TASK GOAL: To complete this task, print all the data below exactly but leave out the images.

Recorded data
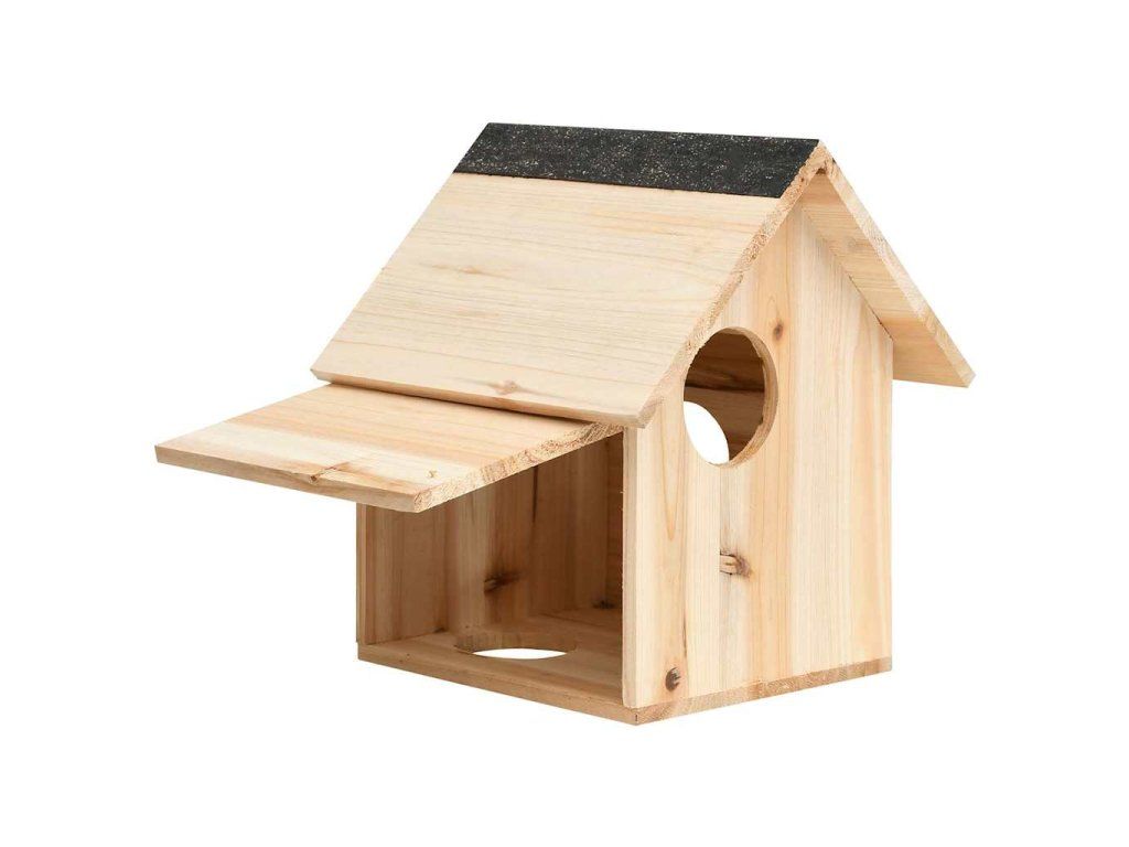 Tento domeček z vysoce kvalitního jedlového dřeva je zkonstruovaný z tlustých kusů, aby veverkám poskytl lepší izolaci a ochranu před nepřízní počasí. Má 3 vstupní otvory o průměru 7 cm, kterým mohou veverky snadno procházet. Domeček pro veverky je třeba umístit asi 3 nebo 4 metry od země a v blízkosti větve, aby veverka mohla snadno uniknout v případě nebezpečí.
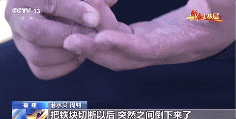 由于水下压力大,周钊的身上有被潜水衣勒出的道道血痕,手上也被割枪灼出了大大小小的伤痕,他的一根手指甚至在潜水作业中被压断了一截。
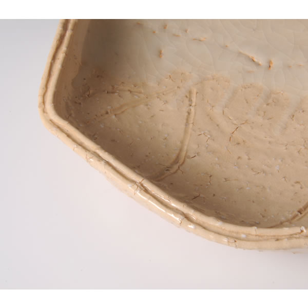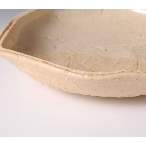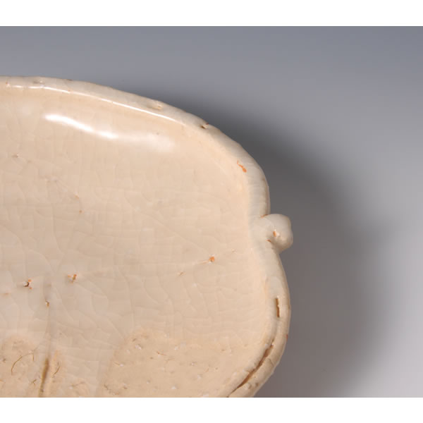It is leaf-shaped and milky white glaze is one of the characteristics.
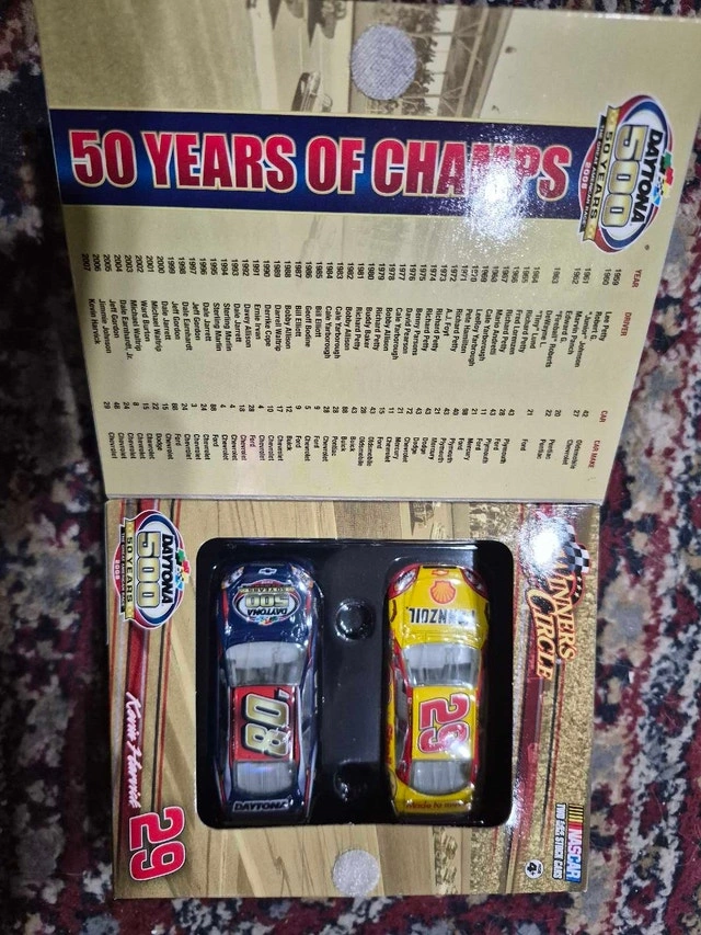 Offering a Winners Circle NASCAR, #29 Kevin Harvick, Daytona 500, 50 Years, 2 car set. This is a Limited Edition Two Car Set from 2008, celebrating 50 years of the Great American Race. It's an Officially Licensed NASCAR Product. The box is autographed and the set is in fair condition. If you're reading this, yes, it’s still available!
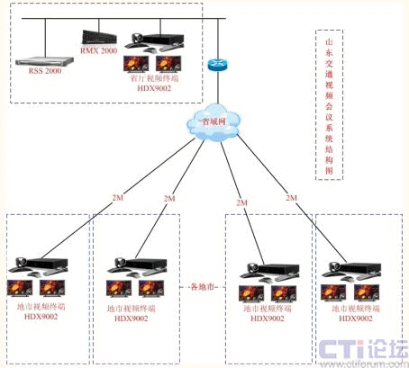 山東省交通廳高清視頻會議系統(tǒng)架構(gòu)在一個完善的、高性能的TCP/IP網(wǎng)絡基礎(chǔ)之上,基于交通廳全新開通的2M專線光纖網(wǎng)絡,以省交通廳為主會場,全省各地市交通局(委)為分會場,共18個會場。

RESPONSE:
 Tento domeček z vysoce kvalitního jedlového dřeva je zkonstruovaný z tlustých kusů, aby veverkám poskytl lepší izolaci a ochranu před nepřízní počasí. Má 3 vstupní otvory o průměru 7 cm, kterým mohou veverky snadno procházet. Domeček pro veverky je třeba umístit asi 3 nebo 4 metry od země a v blízkosti větve, aby veverka mohla snadno uniknout v případě nebezpečí.
 由于水下压力大,周钊的身上有被潜水衣勒出的道道血痕,手上也被割枪灼出了大大小小的伤痕,他的一根手指甚至在潜水作业中被压断了一截。
It is leaf-shaped and milky white glaze is one of the characteristics.
 Offering a Winners Circle NASCAR, #29 Kevin Harvick, Daytona 500, 50 Years, 2 car set. This is a Limited Edition Two Car Set from 2008, celebrating 50 years of the Great American Race. It's an Officially Licensed NASCAR Product. The box is autographed and the set is in fair condition. If you're reading this, yes, it’s still available!
 山東省交通廳高清視頻會議系統(tǒng)架構(gòu)在一個完善的、高性能的TCP/IP網(wǎng)絡基礎(chǔ)之上,基于交通廳全新開通的2M專線光纖網(wǎng)絡,以省交通廳為主會場,全省各地市交通局(委)為分會場,共18個會場。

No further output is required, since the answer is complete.